Repeat exactly what runs from the line containing "VKTarget – замечательный" through the last line of the material below. Do not copy the pictures.

| INPUT DATA |
---
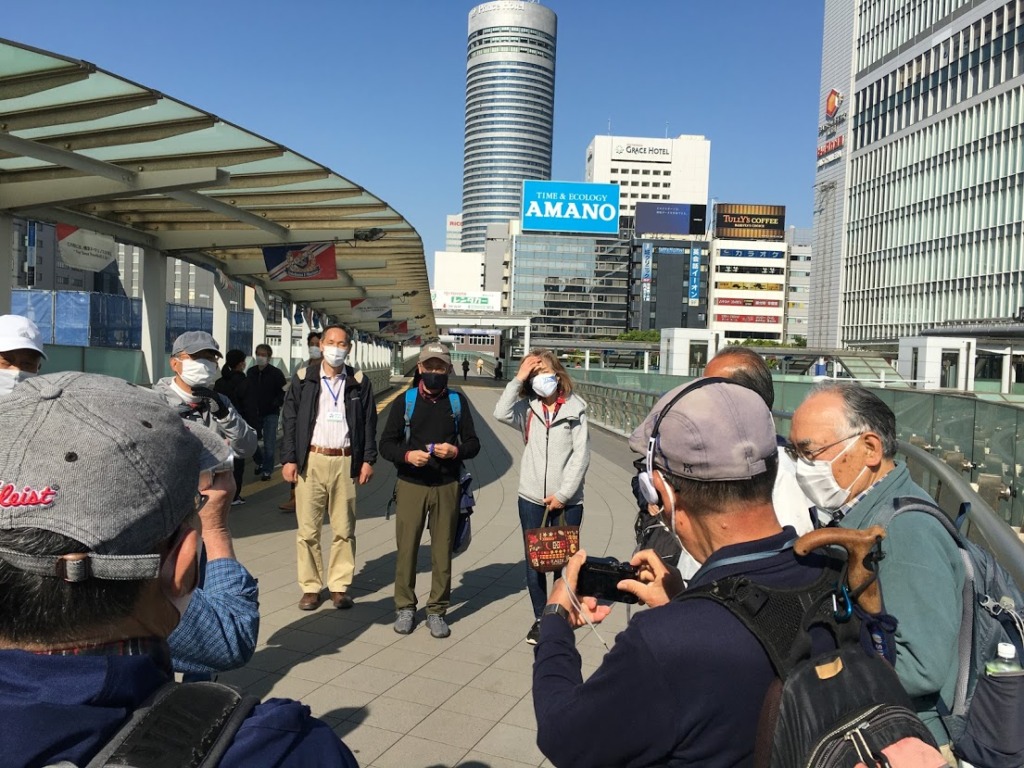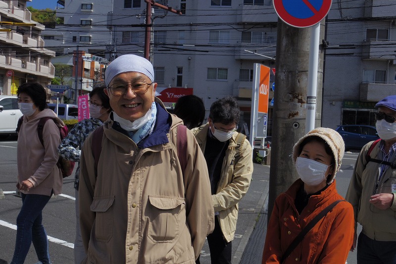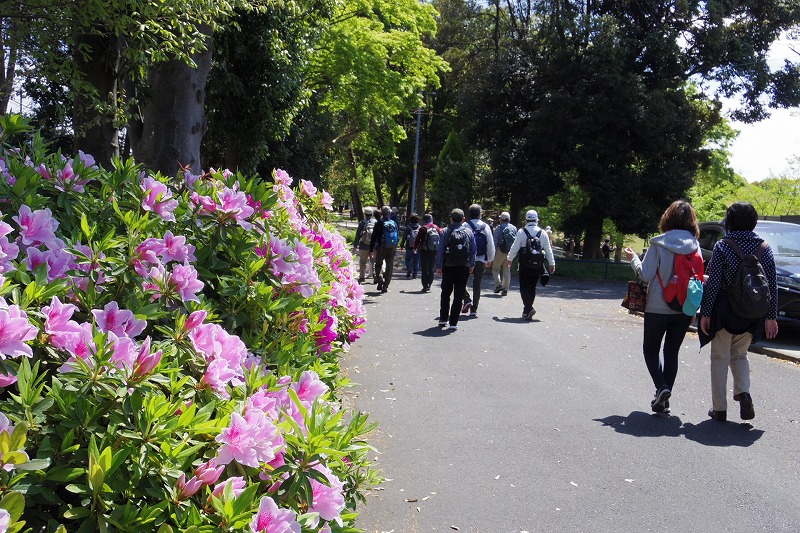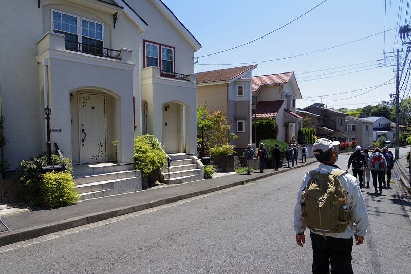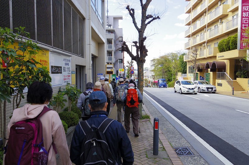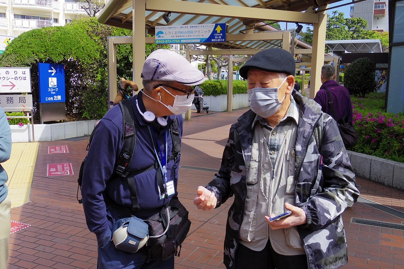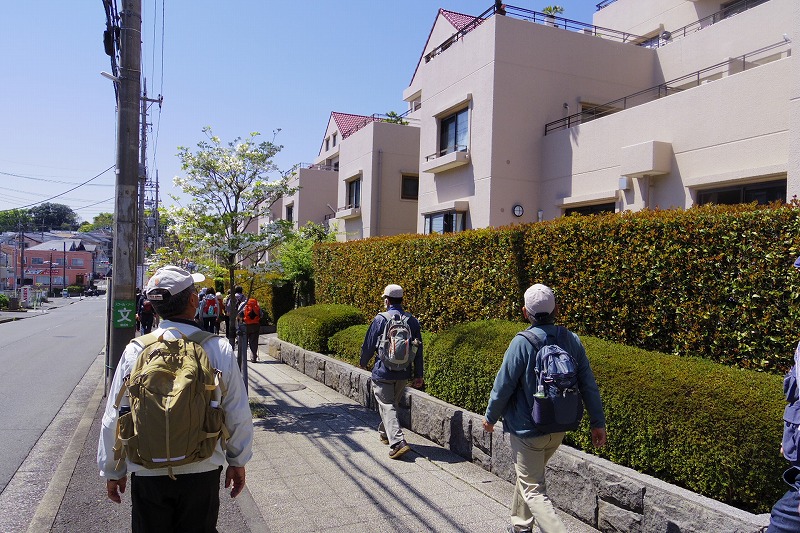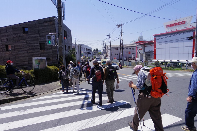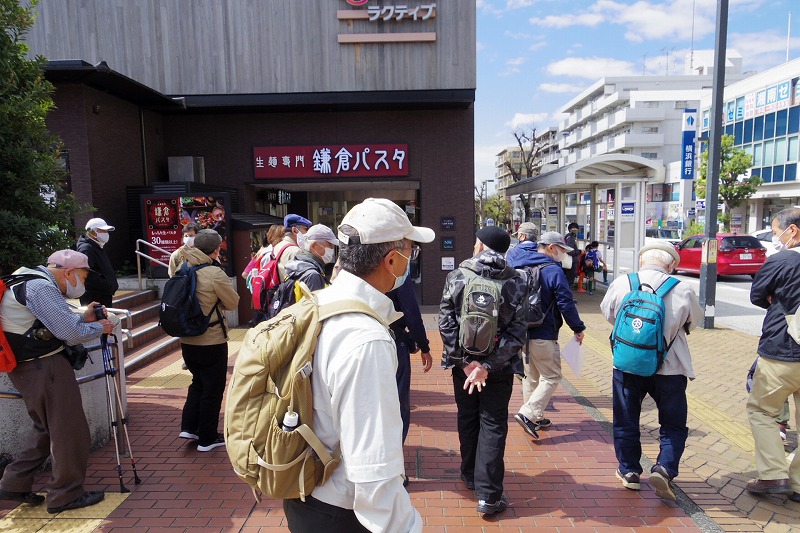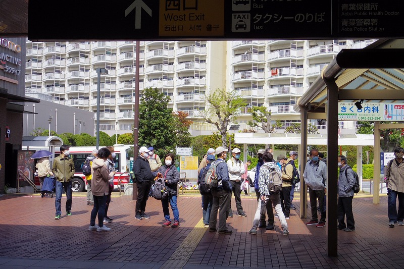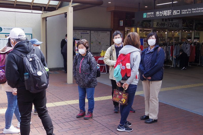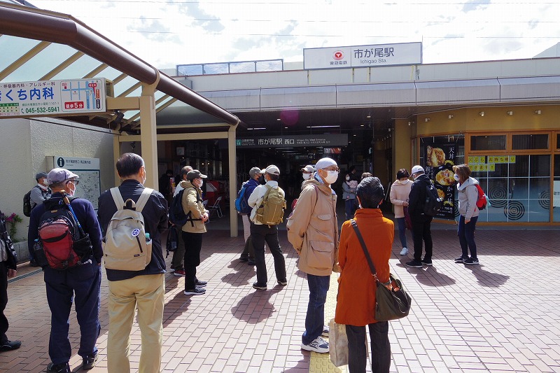 田園都市線の市が尾駅改札前に10時集合・受付を済ませて駅前広場で出発待ち。混雑を避けて駅前から移動し広場で世話役の挨拶、新会員の自己紹介を聞いてスタート。
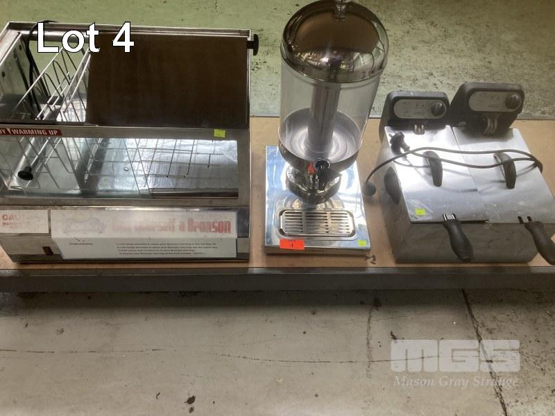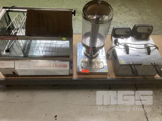 HOT DOG STEAMER ( MISSING 1 LID ), DEEP FRYER & DRINK DISPENSER
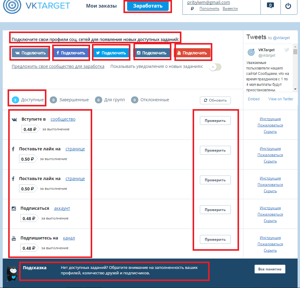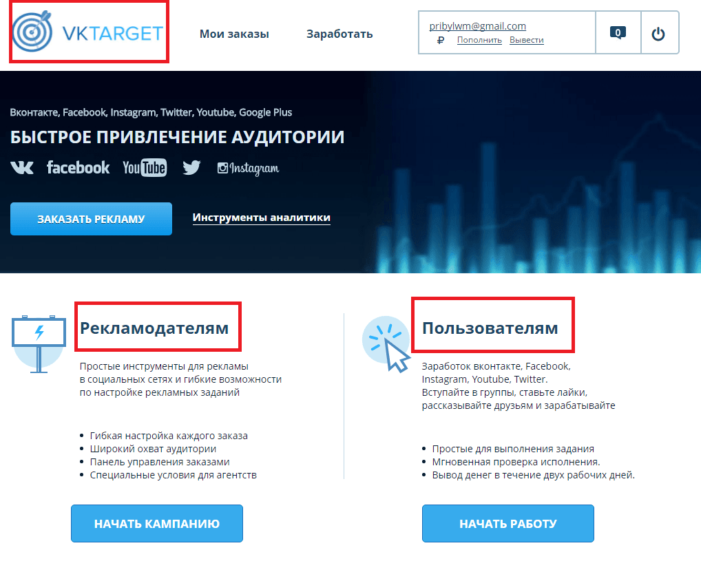VKTarget – замечательный сервис. С его помощью зарегистрированный пользователь может заработать во ВКонтакте, а если Вы заказчик, то можете накрутить лайки, перепосты, подписчиков, друзей: ВКонтакте, Facebook, Instagram, Twitter, Youtube, Google+. Здесь также есть для Вас возможность рекламировать свои посты в других тематических группах и заработать, рекламируя их в своей группе.
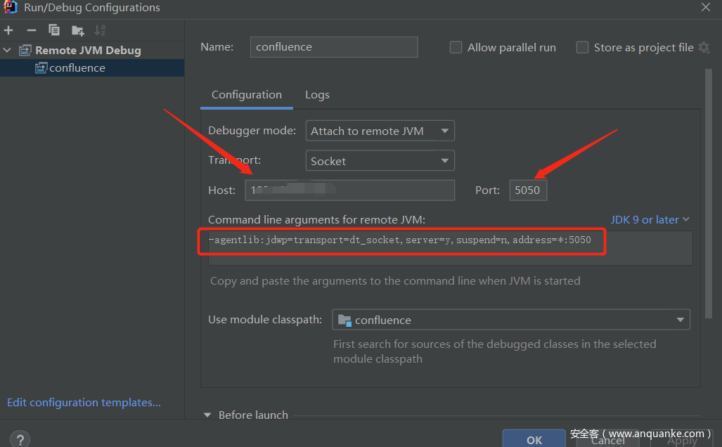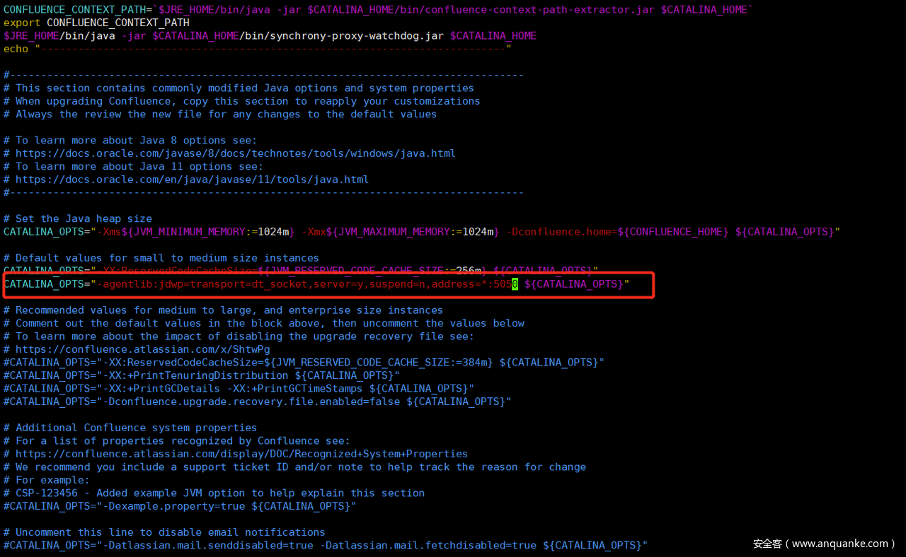 在容器中/opt/atlassian/confluence/bin目录下修改setenv.sh文件,加入远程调试配置。
---
| REPLY TO THE EXERCISE |
VKTarget – замечательный сервис. С его помощью зарегистрированный пользователь может заработать во ВКонтакте, а если Вы заказчик, то можете накрутить лайки, перепосты, подписчиков, друзей: ВКонтакте, Facebook, Instagram, Twitter, Youtube, Google+. Здесь также есть для Вас возможность рекламировать свои посты в других тематических группах и заработать, рекламируя их в своей группе.
 在容器中/opt/atlassian/confluence/bin目录下修改setenv.sh文件,加入远程调试配置。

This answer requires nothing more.